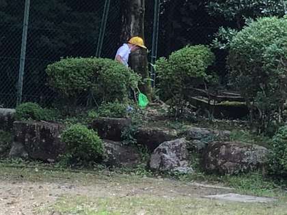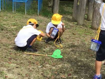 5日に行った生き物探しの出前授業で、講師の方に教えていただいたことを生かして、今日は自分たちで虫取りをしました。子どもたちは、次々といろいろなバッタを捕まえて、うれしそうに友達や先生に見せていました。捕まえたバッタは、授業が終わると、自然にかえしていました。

====

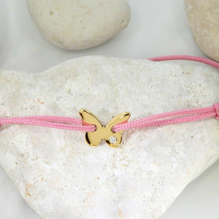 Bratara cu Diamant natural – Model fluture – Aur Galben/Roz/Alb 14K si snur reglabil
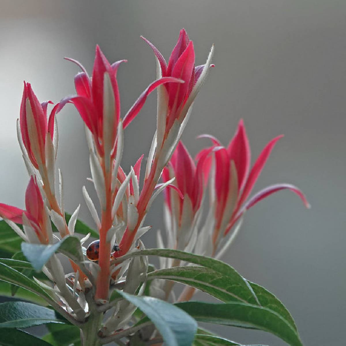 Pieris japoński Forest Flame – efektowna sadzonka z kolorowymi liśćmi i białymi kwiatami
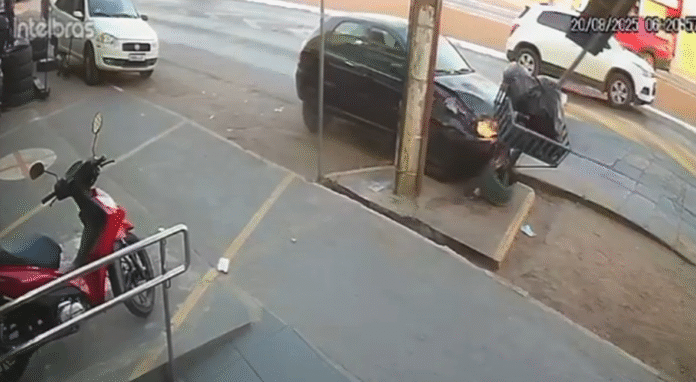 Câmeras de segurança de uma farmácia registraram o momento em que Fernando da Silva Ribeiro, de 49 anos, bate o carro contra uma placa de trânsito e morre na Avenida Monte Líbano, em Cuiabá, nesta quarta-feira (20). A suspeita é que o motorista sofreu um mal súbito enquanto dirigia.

====

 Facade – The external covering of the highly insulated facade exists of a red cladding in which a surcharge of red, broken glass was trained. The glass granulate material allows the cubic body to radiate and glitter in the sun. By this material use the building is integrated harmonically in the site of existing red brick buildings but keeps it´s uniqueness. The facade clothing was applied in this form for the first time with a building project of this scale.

====

- Work instruction: No picture is to be printed. Output exactly the lines above from the line containing "Bratara cu Diamant" through the line containing "Câmeras de segurança".

- Solution:
 Bratara cu Diamant natural – Model fluture – Aur Galben/Roz/Alb 14K si snur reglabil
 Pieris japoński Forest Flame – efektowna sadzonka z kolorowymi liśćmi i białymi kwiatami
 Câmeras de segurança de uma farmácia registraram o momento em que Fernando da Silva Ribeiro, de 49 anos, bate o carro contra uma placa de trânsito e morre na Avenida Monte Líbano, em Cuiabá, nesta quarta-feira (20). A suspeita é que o motorista sofreu um mal súbito enquanto dirigia.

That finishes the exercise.